■ **DATASET CONTENT**
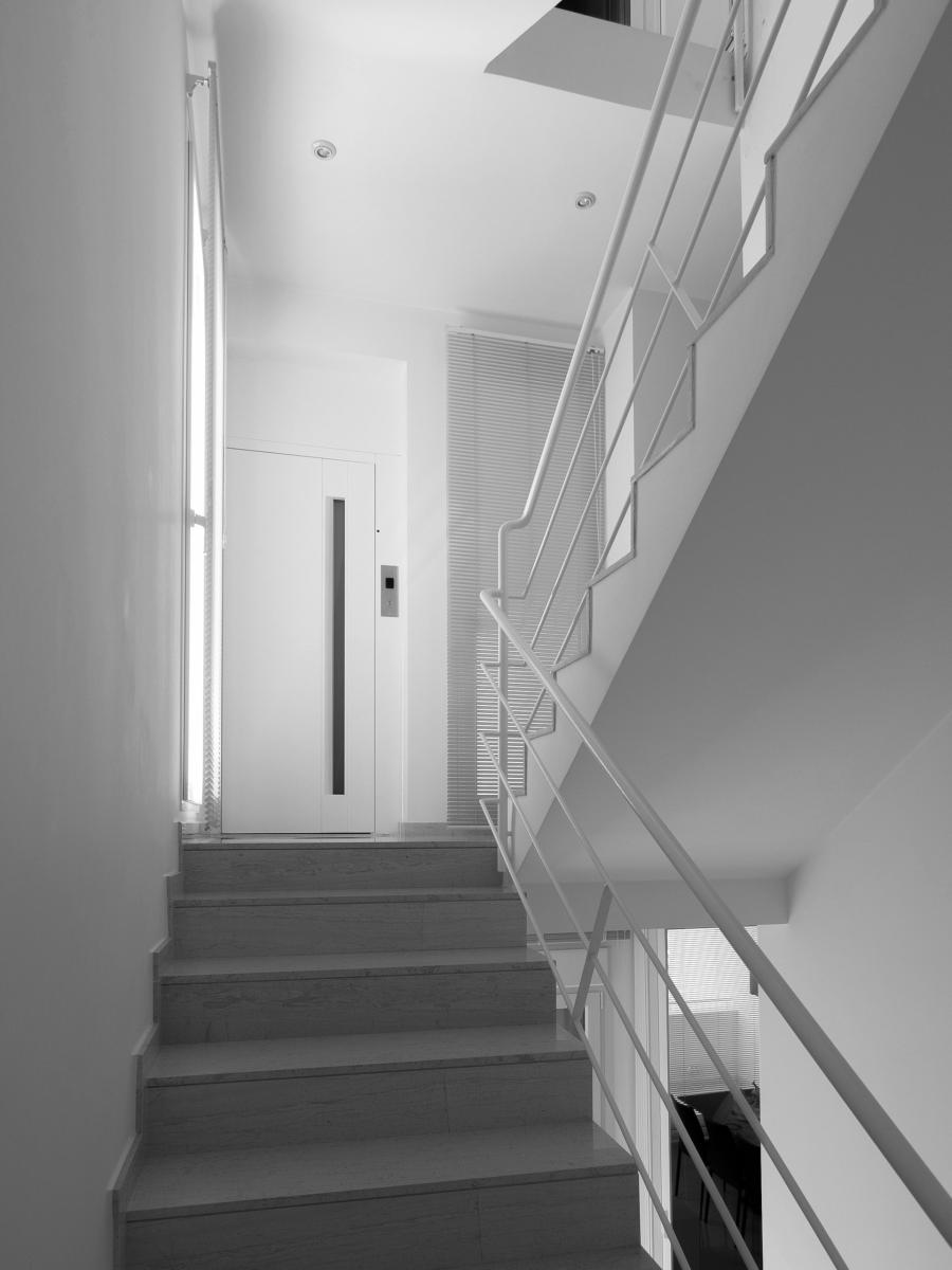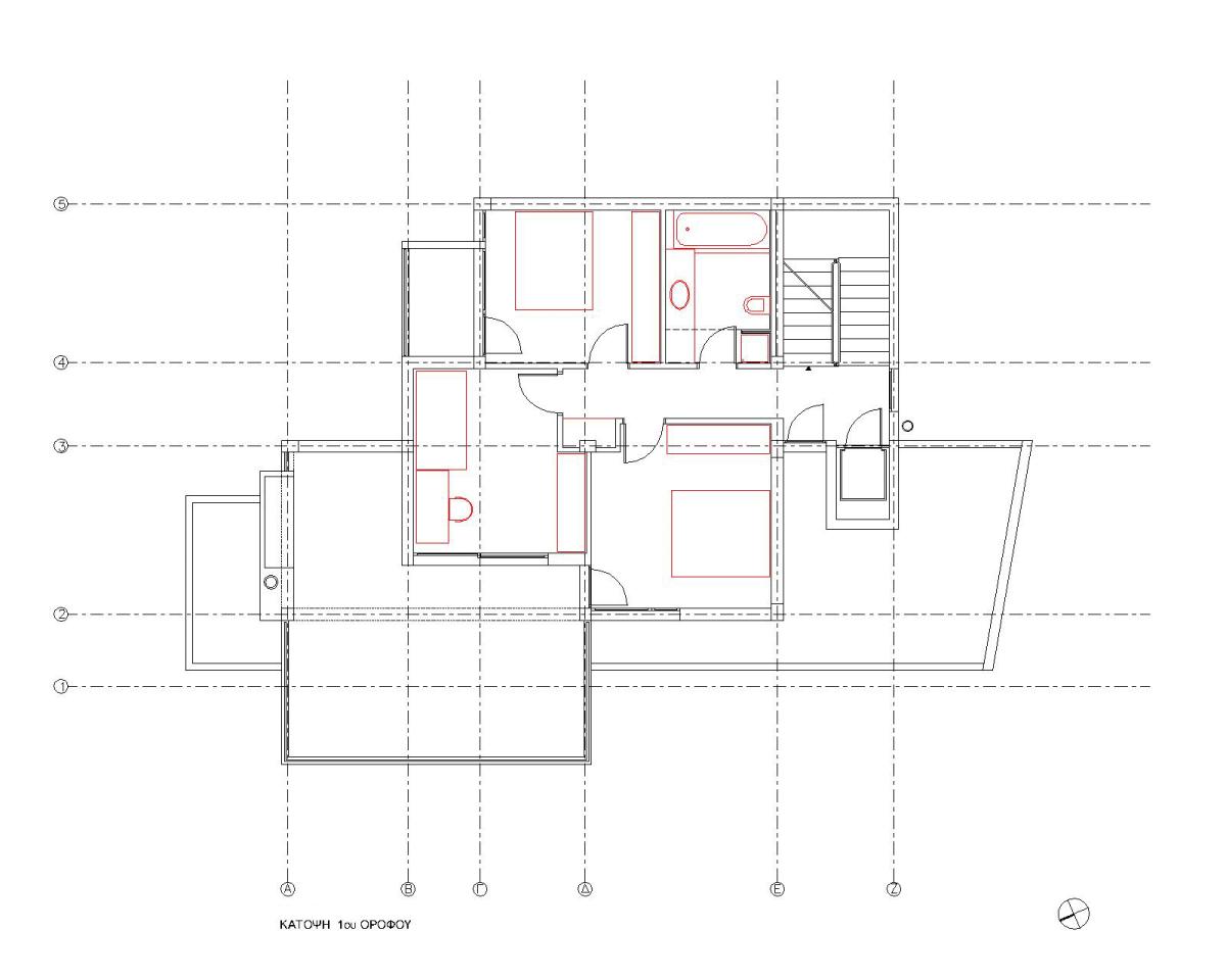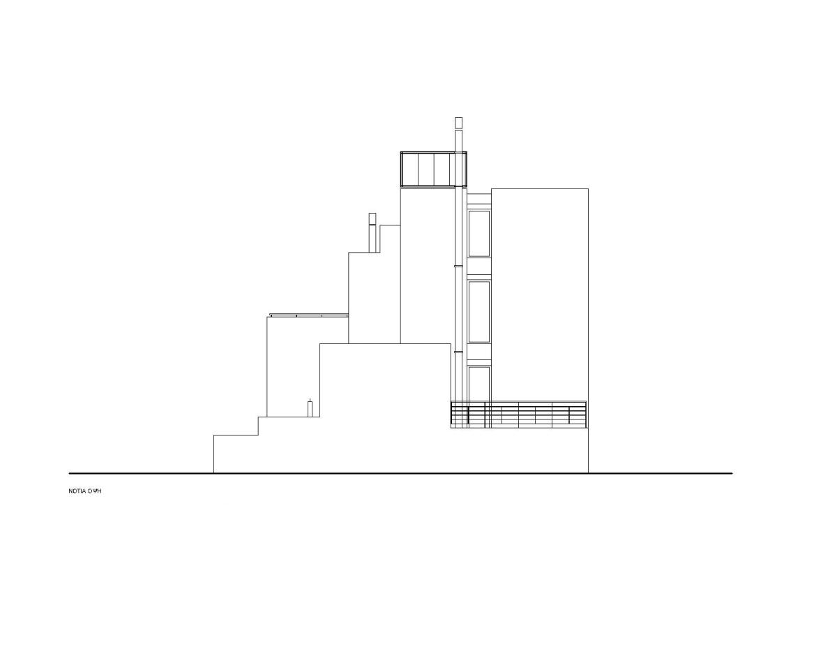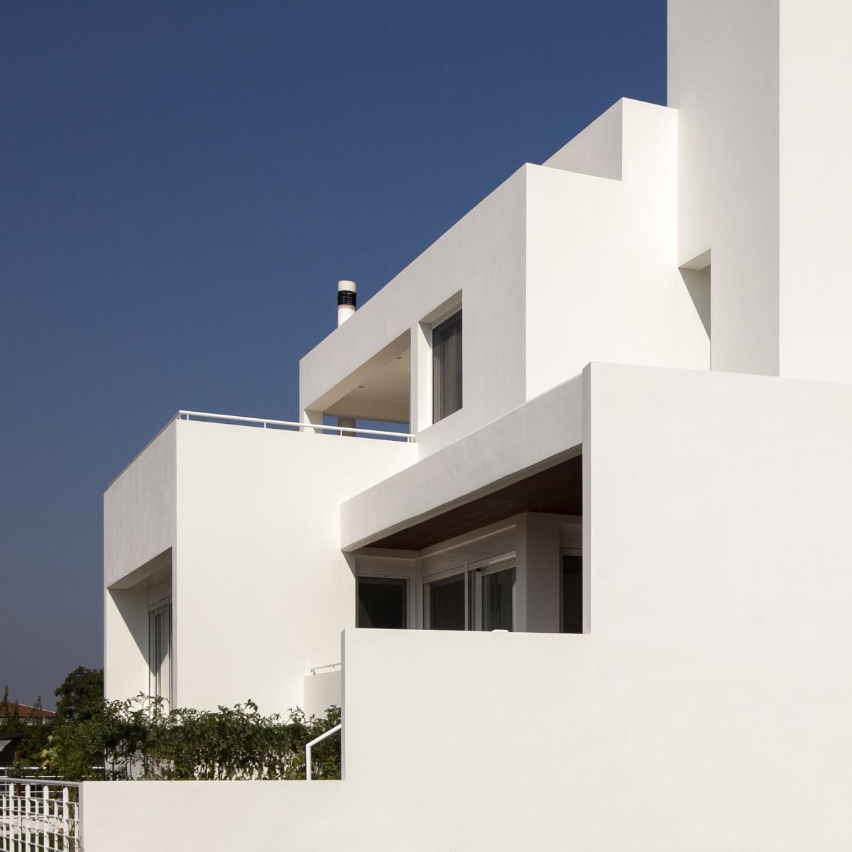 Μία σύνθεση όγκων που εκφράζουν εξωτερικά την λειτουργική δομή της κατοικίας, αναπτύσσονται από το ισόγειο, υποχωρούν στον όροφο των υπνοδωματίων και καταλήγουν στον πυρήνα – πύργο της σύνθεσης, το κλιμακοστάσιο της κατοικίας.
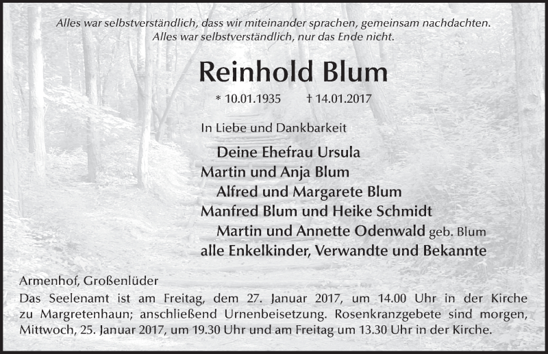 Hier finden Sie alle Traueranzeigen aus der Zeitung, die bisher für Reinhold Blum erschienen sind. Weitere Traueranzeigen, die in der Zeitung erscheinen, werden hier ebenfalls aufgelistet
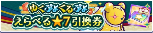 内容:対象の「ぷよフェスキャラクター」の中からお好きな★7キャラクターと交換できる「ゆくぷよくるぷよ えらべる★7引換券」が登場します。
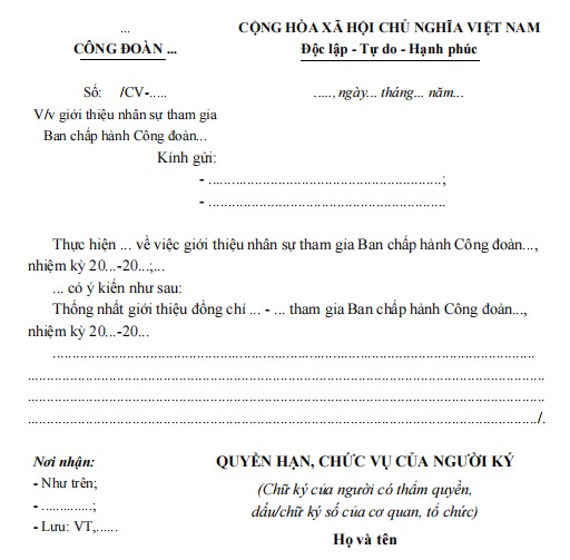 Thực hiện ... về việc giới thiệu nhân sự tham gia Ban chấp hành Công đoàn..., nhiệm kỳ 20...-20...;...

■ **WHAT YOU WILL DO**
Without including any picture, output all the material exactly as it appears.

■ **COMPLETED EXERCISE**
 Μία σύνθεση όγκων που εκφράζουν εξωτερικά την λειτουργική δομή της κατοικίας, αναπτύσσονται από το ισόγειο, υποχωρούν στον όροφο των υπνοδωματίων και καταλήγουν στον πυρήνα – πύργο της σύνθεσης, το κλιμακοστάσιο της κατοικίας.
 Hier finden Sie alle Traueranzeigen aus der Zeitung, die bisher für Reinhold Blum erschienen sind. Weitere Traueranzeigen, die in der Zeitung erscheinen, werden hier ebenfalls aufgelistet
 内容:対象の「ぷよフェスキャラクター」の中からお好きな★7キャラクターと交換できる「ゆくぷよくるぷよ えらべる★7引換券」が登場します。
 Thực hiện ... về việc giới thiệu nhân sự tham gia Ban chấp hành Công đoàn..., nhiệm kỳ 20...-20...;...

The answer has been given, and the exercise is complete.